__Task directions__
The line containing "На фотографии изображен" marks the end: extract everything from the first line of the data through that line, exactly, with no pictures.

---

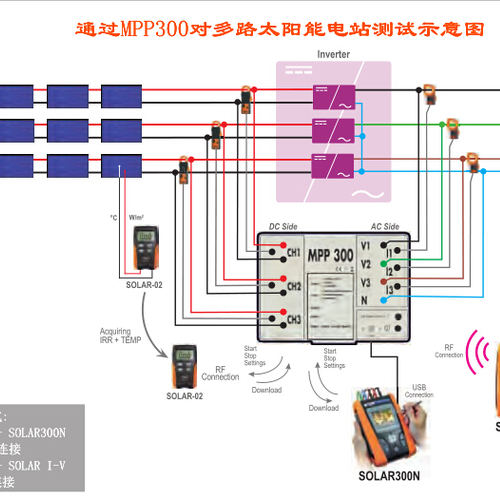 MPP300的设计是为SOLAR300N和SOLAR i-v主机仪器在测试单相和三相系统时,与主机配合使用,以完成对系统多达三路的最大功率的跟踪。还可以检测和分析光伏系统效率低的原因,为系统问题的发现和解决提供了理想的解决方案。
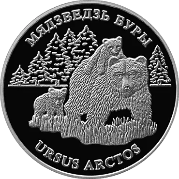 в центре – рельефное изображение трех медведей на фоне елового леса; вверху – надпись по кругу "МЯДЗВЕДЗЬ БУРЫ", внизу – "URSUS ARCTOS".
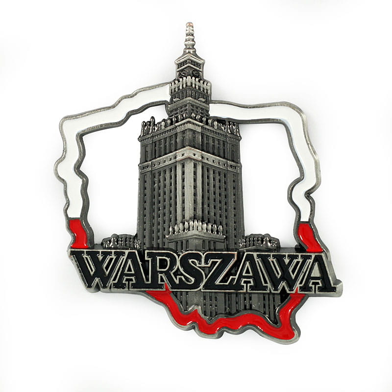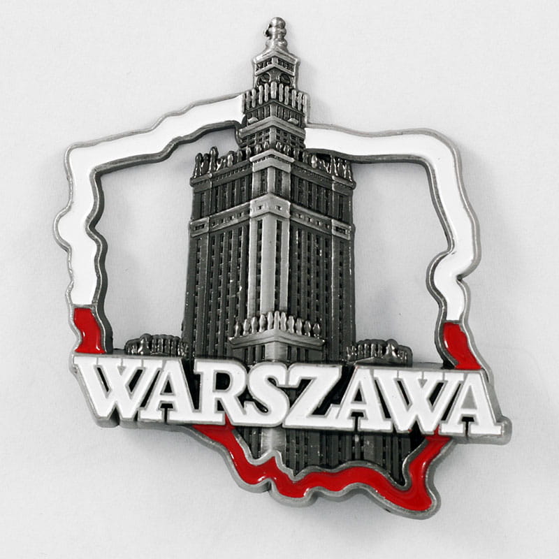 Metalowy, elegancki, bogato zdobiony odlewany magnes w kształcie konturu Polski. W jej wnętrzu znajduje się wizerunek Pałacu Kultury i Nauki oraz duży, wyraźny napis "Warszawa". Kontur Polski pomalowany jest na biało-czerwono, natomiast wnętrze mapy pozostawiono w kolorze antycznym srebrnym. Dostępny w dwóch wariantach: z czarnym lub białym napisem.
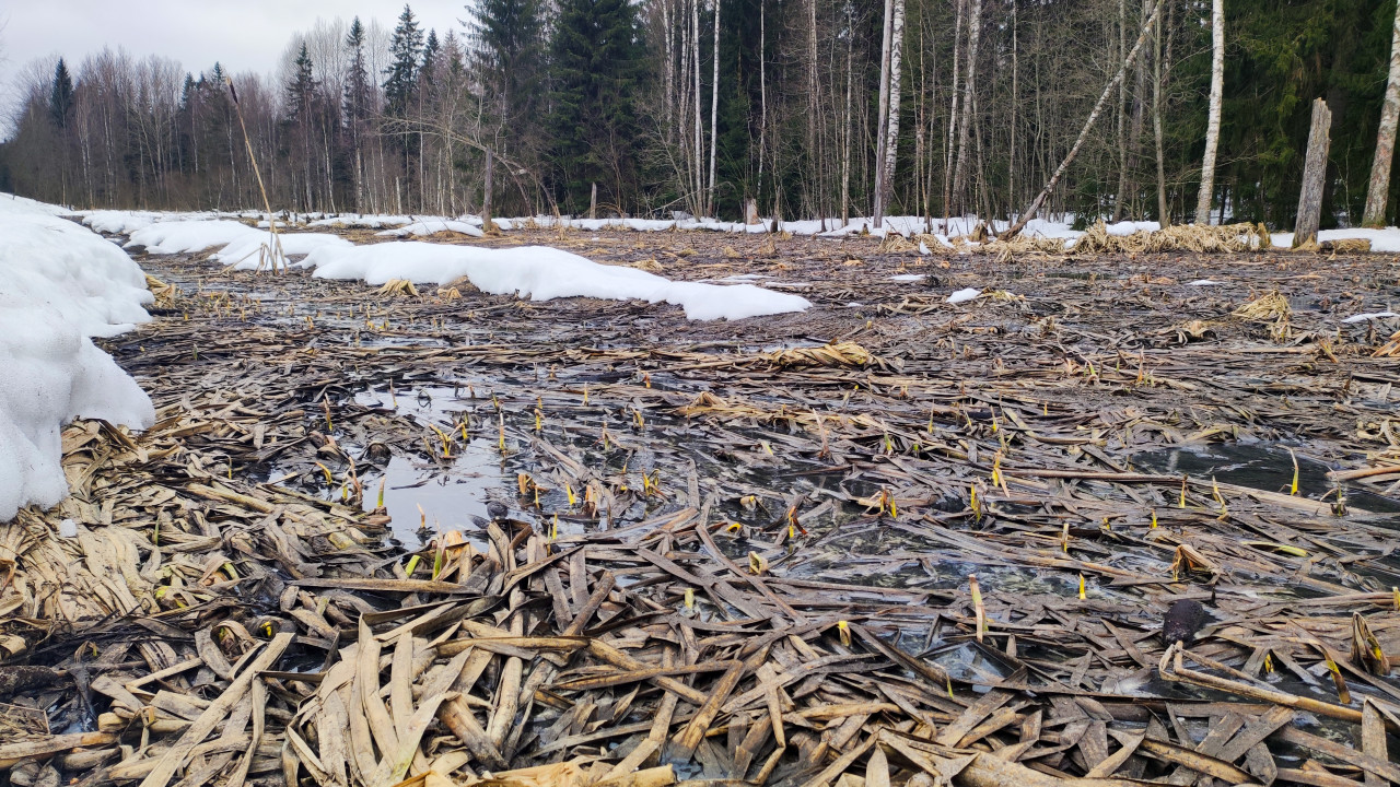 На фотографии изображен участок болотистой местности на границе леса. Поверхность покрыта слоем прошлогодней растительности и талым снегом. Вода отражает серое небо, а из-под старых стеблей появляются зеленые ростки. На горизонте виден смешанный лес, где преобладают березы и ели. Снимок демонстрирует естественные процессы пробуждения природы после зимы. Фотография подходит для использования в экологических публикациях, учебных материалах и визуальных проектах о сезонных изменениях климата.
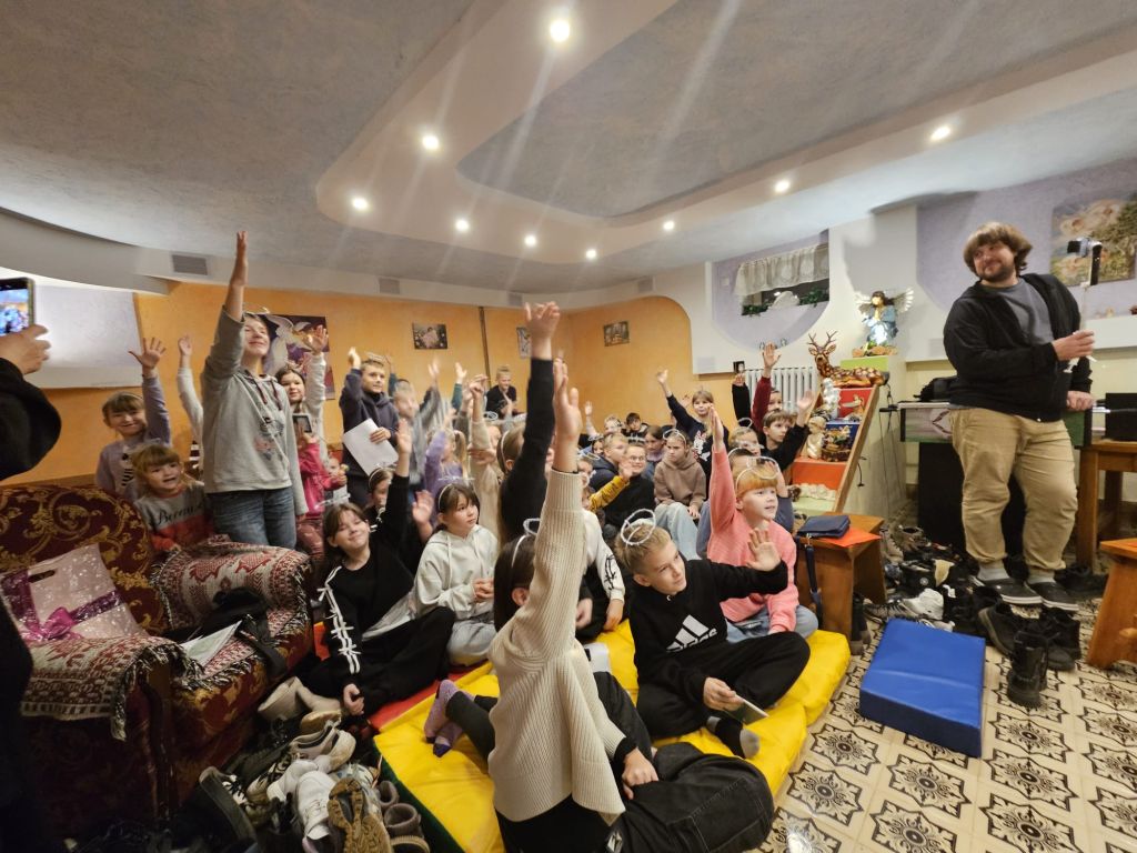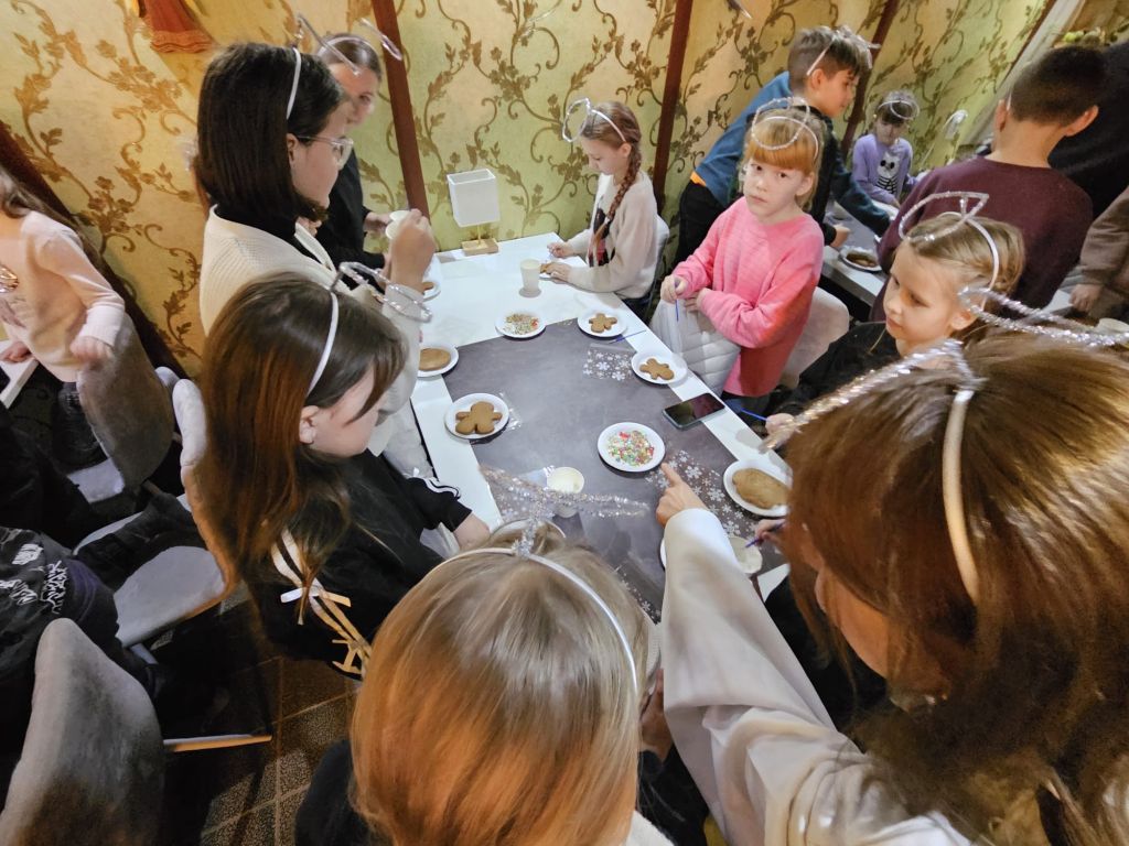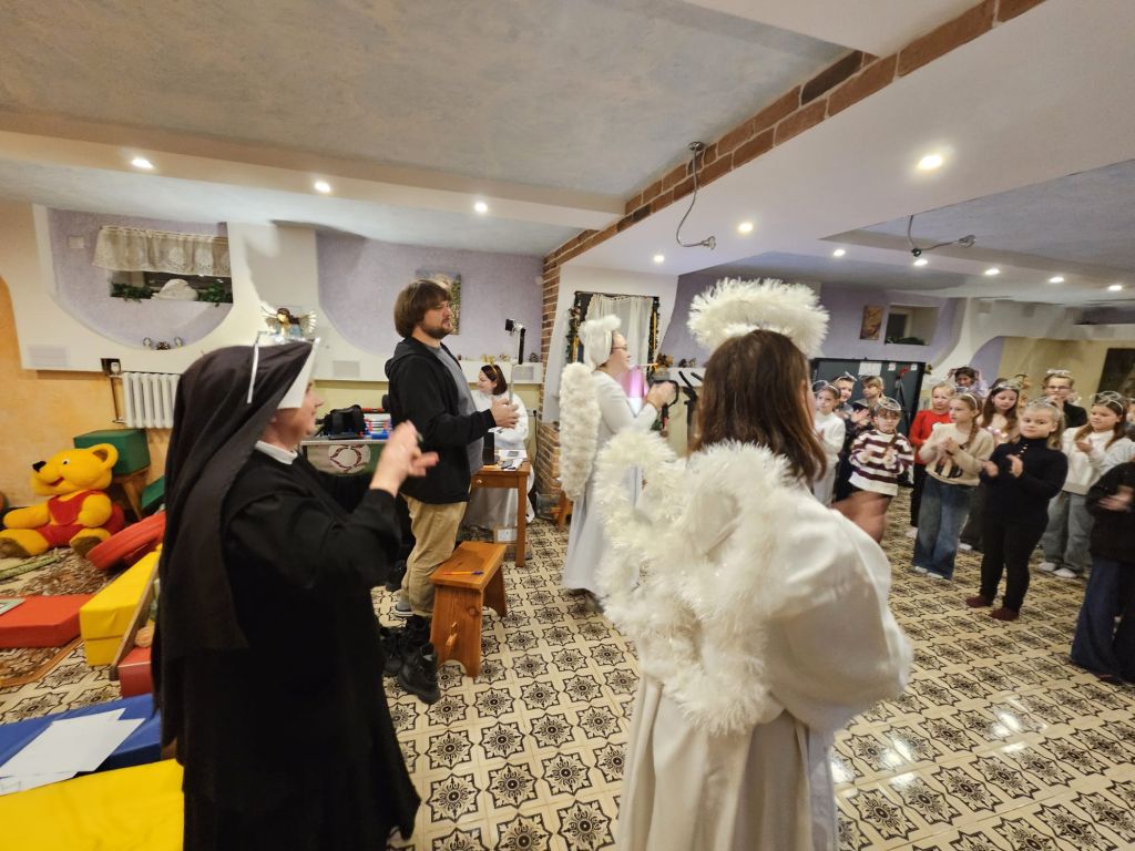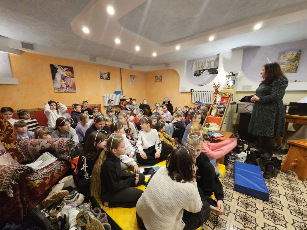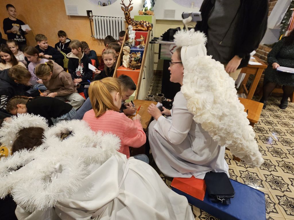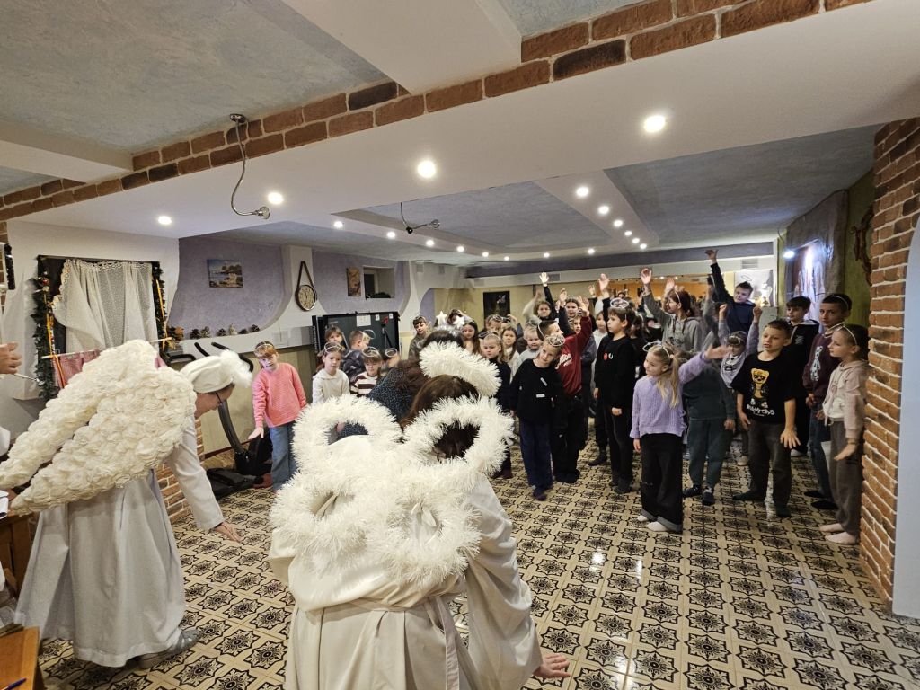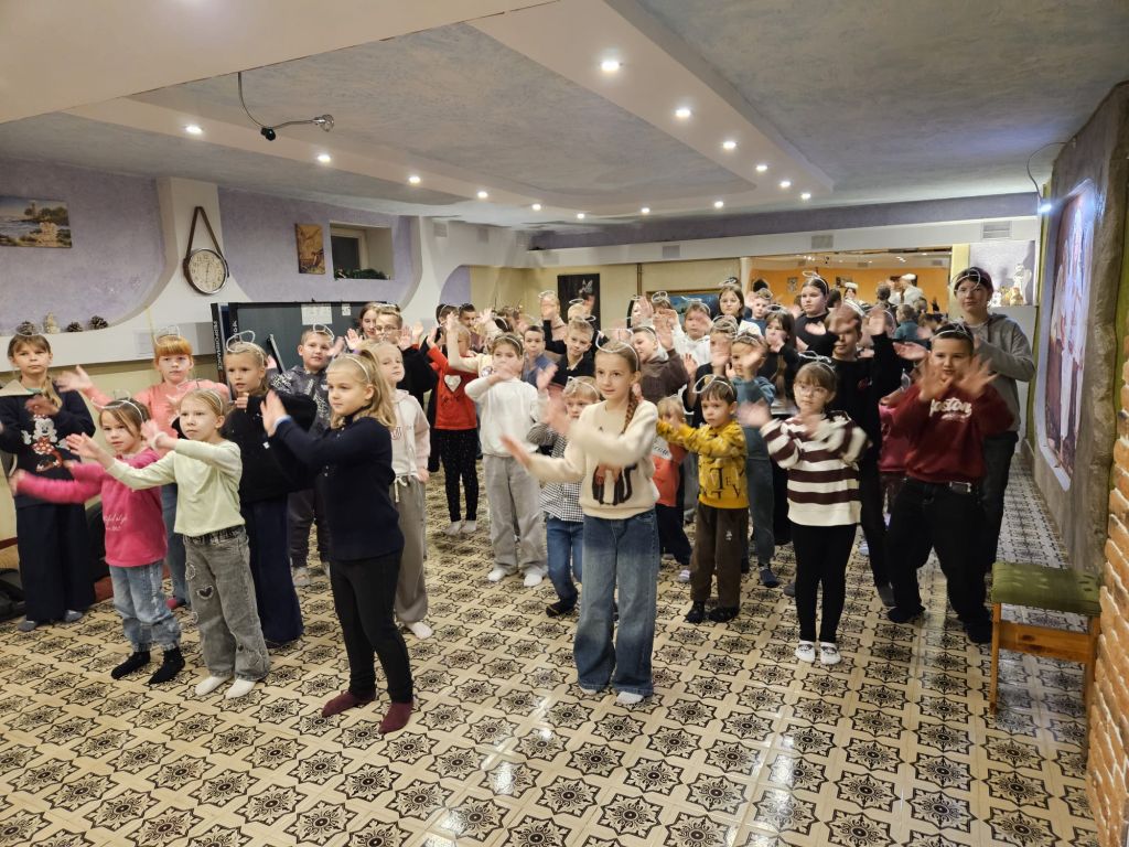 São Nicolau na sala infantil em Szydłowicze, Bielorrússia, em 6 de dezembro de 2025

---

__Task result__
 MPP300的设计是为SOLAR300N和SOLAR i-v主机仪器在测试单相和三相系统时,与主机配合使用,以完成对系统多达三路的最大功率的跟踪。还可以检测和分析光伏系统效率低的原因,为系统问题的发现和解决提供了理想的解决方案。
 в центре – рельефное изображение трех медведей на фоне елового леса; вверху – надпись по кругу "МЯДЗВЕДЗЬ БУРЫ", внизу – "URSUS ARCTOS".
 Metalowy, elegancki, bogato zdobiony odlewany magnes w kształcie konturu Polski. W jej wnętrzu znajduje się wizerunek Pałacu Kultury i Nauki oraz duży, wyraźny napis "Warszawa". Kontur Polski pomalowany jest na biało-czerwono, natomiast wnętrze mapy pozostawiono w kolorze antycznym srebrnym. Dostępny w dwóch wariantach: z czarnym lub białym napisem.
 На фотографии изображен участок болотистой местности на границе леса. Поверхность покрыта слоем прошлогодней растительности и талым снегом. Вода отражает серое небо, а из-под старых стеблей появляются зеленые ростки. На горизонте виден смешанный лес, где преобладают березы и ели. Снимок демонстрирует естественные процессы пробуждения природы после зимы. Фотография подходит для использования в экологических публикациях, учебных материалах и визуальных проектах о сезонных изменениях климата.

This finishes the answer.